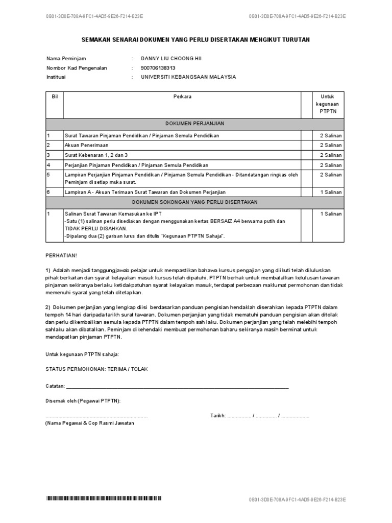Panduan Dan Peraturan Mengisi Dokumen Tawaran Pinjaman Pendidikan Pinjaman Semula Pendidikan Ptptn
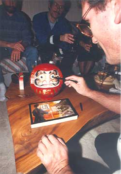 Selon la tradition, Pascal peint le deuxième œil du Daruma après 4 ans de travail : le premier œil avait été peint en 1985 et avait surveillé Pascal de son regard borgne pendant 4 ans.
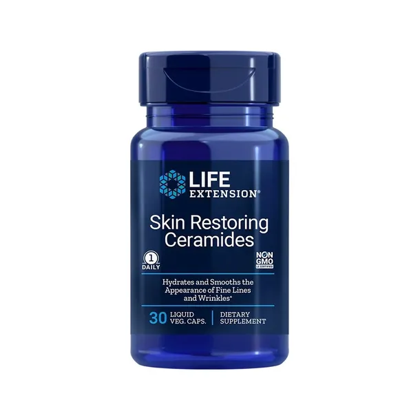 Suplement marki Life Extension zawiera skoncentrowane, przebadane klinicznie ceramidy pszeniczne. Wygładza wygląd drobne zmarszczki. Nawilża i uelastycznia skórę. Podnosi poziom ceramidów w skórze. Dostarcza 350 mg bezglutenowych ceramidów w jednej porcji.
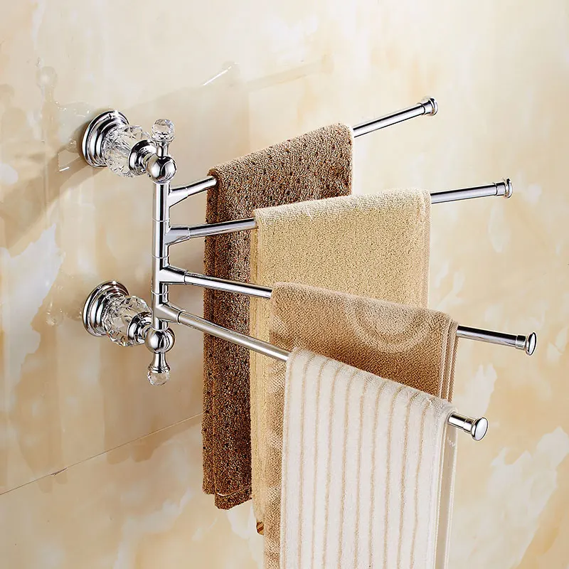 Европейский Золотой Хрустальный вращающаяся стойка для полотенец, подвижная вешалка для полотенец в ванной, Поворотная вешалка для полотенец, полированный держатель для полотенец
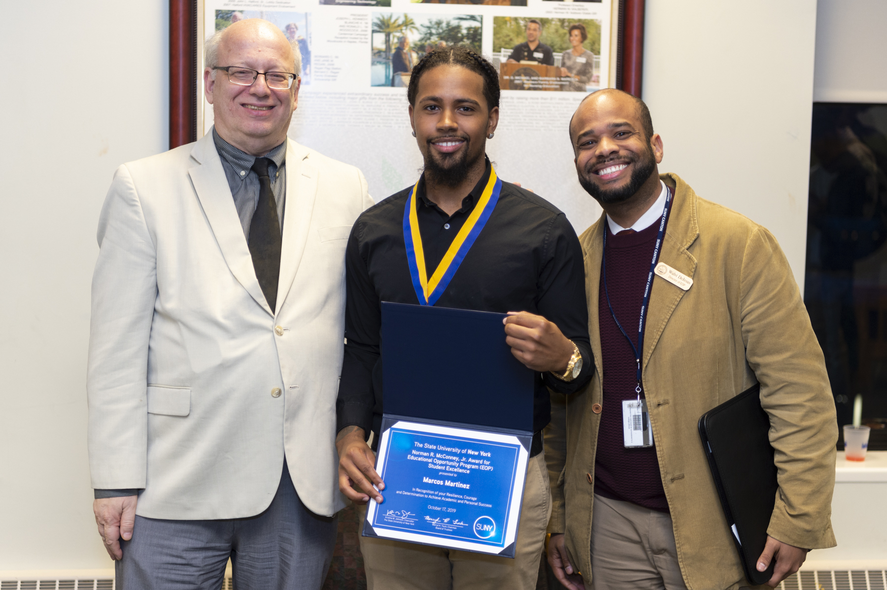 Marcos L. Martinez, a Practical Nursing major from the Bronx, received the 2019 Norman R. McConney Jr. Award, which is bestowed to recognize excellence in the SUNY Educational Opportunity Program (EOP). The award is named after one of the architects of the statewide program that provides financial assistance and support to those facing obstacles in achieving their educational and personal goals.
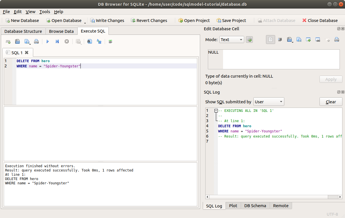 Now let's delete some data using SQLModel.
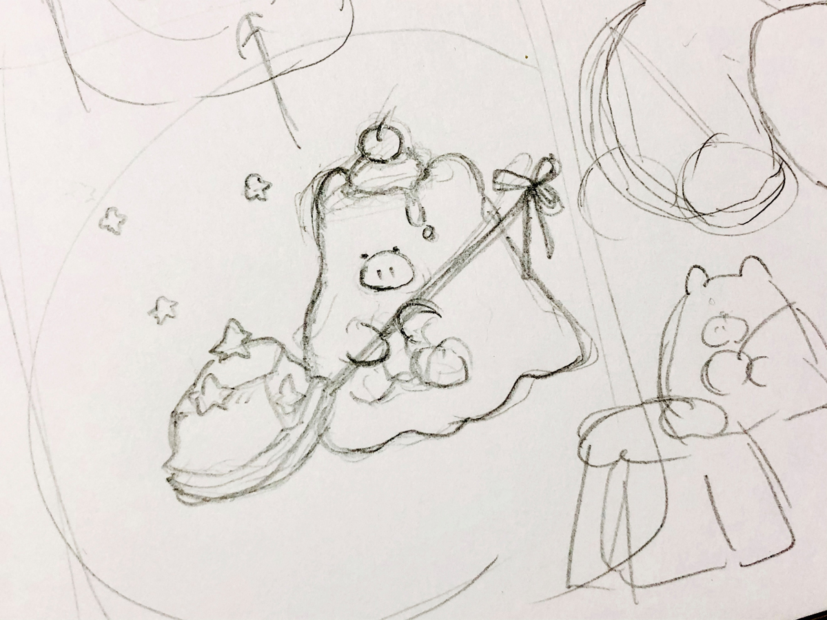 ラフ。ゼリーとブタをモチーフに。(クリックで拡大) |

Exercise requirements
Quote the preceding listing precisely and completely, omitting its images.

Output
Panduan Dan Peraturan Mengisi Dokumen Tawaran Pinjaman Pendidikan Pinjaman Semula Pendidikan Ptptn
 Selon la tradition, Pascal peint le deuxième œil du Daruma après 4 ans de travail : le premier œil avait été peint en 1985 et avait surveillé Pascal de son regard borgne pendant 4 ans.
 Suplement marki Life Extension zawiera skoncentrowane, przebadane klinicznie ceramidy pszeniczne. Wygładza wygląd drobne zmarszczki. Nawilża i uelastycznia skórę. Podnosi poziom ceramidów w skórze. Dostarcza 350 mg bezglutenowych ceramidów w jednej porcji.
 Европейский Золотой Хрустальный вращающаяся стойка для полотенец, подвижная вешалка для полотенец в ванной, Поворотная вешалка для полотенец, полированный держатель для полотенец
 Marcos L. Martinez, a Practical Nursing major from the Bronx, received the 2019 Norman R. McConney Jr. Award, which is bestowed to recognize excellence in the SUNY Educational Opportunity Program (EOP). The award is named after one of the architects of the statewide program that provides financial assistance and support to those facing obstacles in achieving their educational and personal goals.
 Now let's delete some data using SQLModel.
 ラフ。ゼリーとブタをモチーフに。(クリックで拡大) |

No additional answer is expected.